The protesters – who ostensibly place the rule of the High Court above all – decided to take the law into their own hands. Instead of relying on the police and municipal inspectors to determine whether or not the flags were in keeping with the court’s decision, the demonstrators turned into vigilantes, causing such a disruption that the prayers had to be abandoned. So much for the sanctity of the day.

Heaven forbid a compromise be found allowing the protesters and prayer-goers to live and let live.

Many on the Right noted that Tel Aviv’s vaunted secular values are subject to double standards: There had been no protests against gender-separated mass prayers of Muslims in the city’s beachfront Charles Clore Park on Eid al-Adha. 

Just who was to blame this week depends, of course, on which side of the polarized society you stand. Opposition leader Yair Lapid declared that in previous years, “Whoever wanted to pray separately went to synagogue. Whoever wanted to pray together, prayed outside. No one tried to force their Judaism on others.

“This was until messianic and racist groups from the outside tried to force their Judaism on us. We don’t need instructions from anyone on how to be Jewish.”

Religious Zionist Party leader and Finance Minister Bezalel Smotrich, on the other hand, said: “While millions of Jews in Israel prayed in synagogues and in public spaces, fasted, united, asked forgiveness, and connected to the roots of our culture, a handful of violent barn-burners backed by Yair Lapid lit a fire and disgraced the holy day. 

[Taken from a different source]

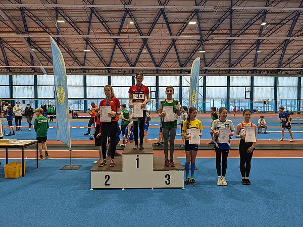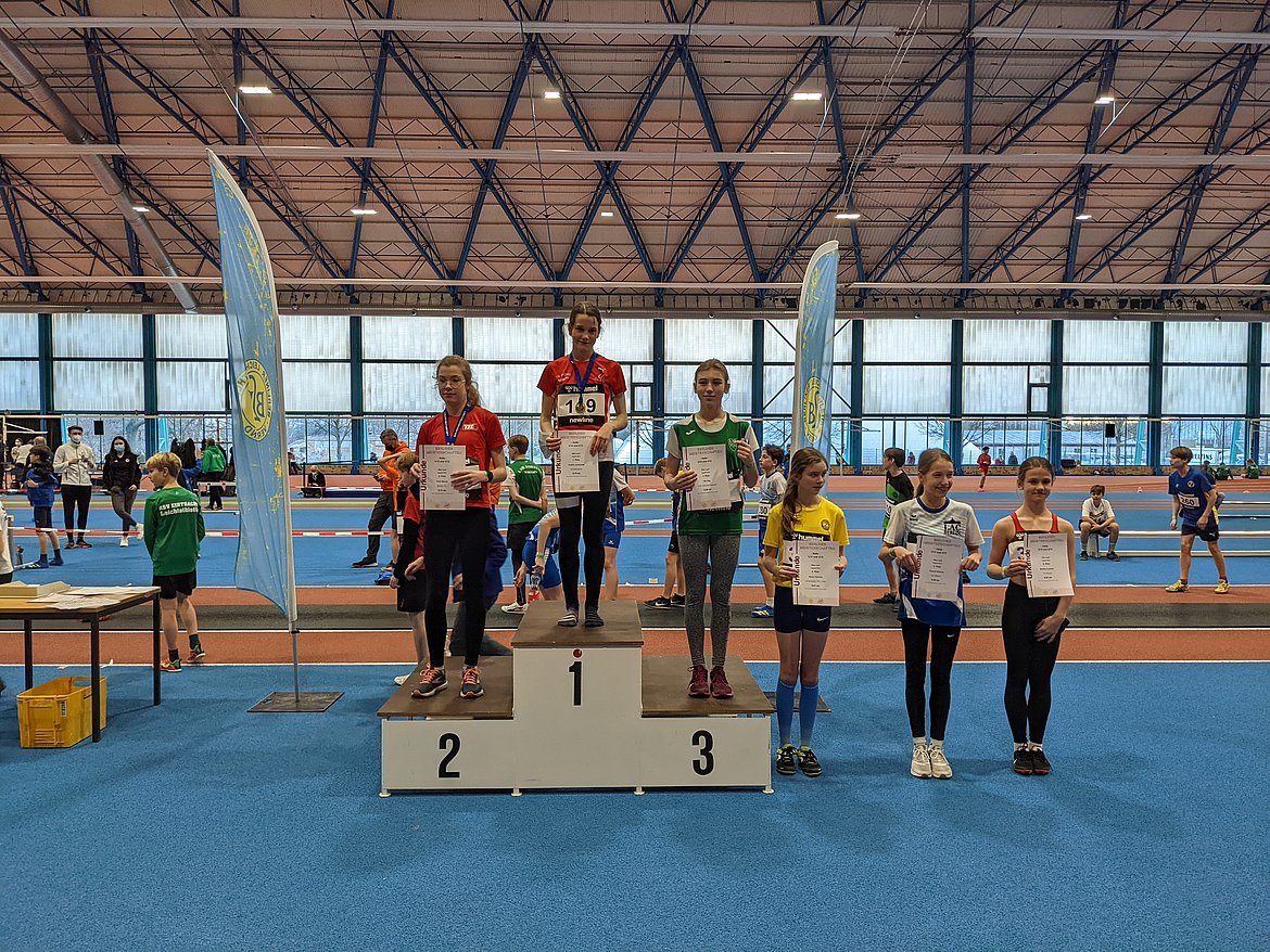 Neben zahlreichen Bestleistungen und vorderen Platzierungen gab es durch Pauline Hochschild die größte und erfreulichste Überraschung. Nach ihrem Vorlaufsieg in 8,79s sprintete sie im A-Endlauf der W12 mit 8,70s zum Sieg und zur Goldmedaille. Mit dieser Zeit hätte sie im älteren Jahrgang der W 13 noch Platz fünf erreicht. Hier siegte Charlotte Maier im B-Finale mit guten 8,90s. Im Hürdensprint über 60m gab es für Charlotte die Bronzemedaille in einer Zeit von 11,20s. Zwar ging sie im schnellen Dreierrhythmus flott über die Hürden, aber an der vorletzten und letzten Hürde strauchelnd, verpasste sie eine deutlich schnellere Zeit. Pauline Wanjura belegte den Platz 9 in 11,93s. Auch Mathilda Jarling kam im Dreierrhythmus durch den „Hürdenwald“ und wurde mit 12,12s letztendlich Elfte.

“I have no doubt that the vast majority of the people, from the Left and the Right, shun them entirely. At the end of Yom Kippur, I call on all of us not to get dragged into these provocations and the continuation of hate and discord. We are Jews. We are brothers.”

A seriously dysfunctional family

Brothers (and sisters) we may be, but it is a seriously dysfunctional family.

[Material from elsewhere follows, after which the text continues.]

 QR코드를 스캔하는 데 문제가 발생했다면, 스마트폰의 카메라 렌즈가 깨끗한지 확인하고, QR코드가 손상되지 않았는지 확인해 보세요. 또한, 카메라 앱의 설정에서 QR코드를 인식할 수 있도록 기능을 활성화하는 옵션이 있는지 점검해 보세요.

National Security Minister Itamar Ben-Gvir couldn’t resist jumping into the fray and announced he would hold a mass prayer-gathering in Tel Aviv on Thursday evening, later backing down in the face of a backlash from both sides of the political map. If there was a bright spot in all this, it was that there are still those willing to heed the warning of the dangers of extremism.

Who was the victim of the Yom Kippur melee? Again, it depends on whom you ask. The protesters are certain that they were the victims and that they had no choice but to fight another battle to save the state 50 years after the Yom Kippur War. 

Others have the opposite view. The outdoor prayers started during the early stages of the COVID-19 crisis and with the resurgence in coronavirus cases, there are many who prefer to pray in the open air rather than in the confines of crowded synagogues. There are also many people who don’t belong to a particular community or synagogue but who don’t want to skip prayers on the most important day of the Jewish year. The majority of Israelis consider themselves traditional, after all. Despite the hype about the partition, most of the makeshift prayer site was a mixed area, allowing families and friends to stay together and pray together.

In short, the prayers in years past have brought together the secular, traditional, and Orthodox; Sephardi, Ashkenazi, and mixed families. People who need to live together every day of the year. Even this year.

A colleague who was raised in an ultra-Orthodox home in Bnei Brak once recalled with wonder his first Yom Kippur in Tel Aviv after he had abandoned the haredi lifestyle. He jumped into his car intending to drive to the beach. A secular neighbor stopped him before he could get very far and told him that even in the “State of Tel Aviv” nobody drives on Yom Kippur. 

It’s a custom rather than a law and I am sure that if ever there were an attempt to anchor it in legislation, it would backfire with people deliberately flouting it.

In the struggle for the nature of the state, attempts to shout down the sound of prayers with rhythmic chanting “demo-krat-ia” can only result in an unholy din. It is not a makeshift mechitza that is separating people. 

When I turn on the TV on Saturday night, after celebrating the start of the Sukkot festival, may my prayers be answered. I pray to see people sitting together in their festive booths rather than protesters trying to bring the whole house down.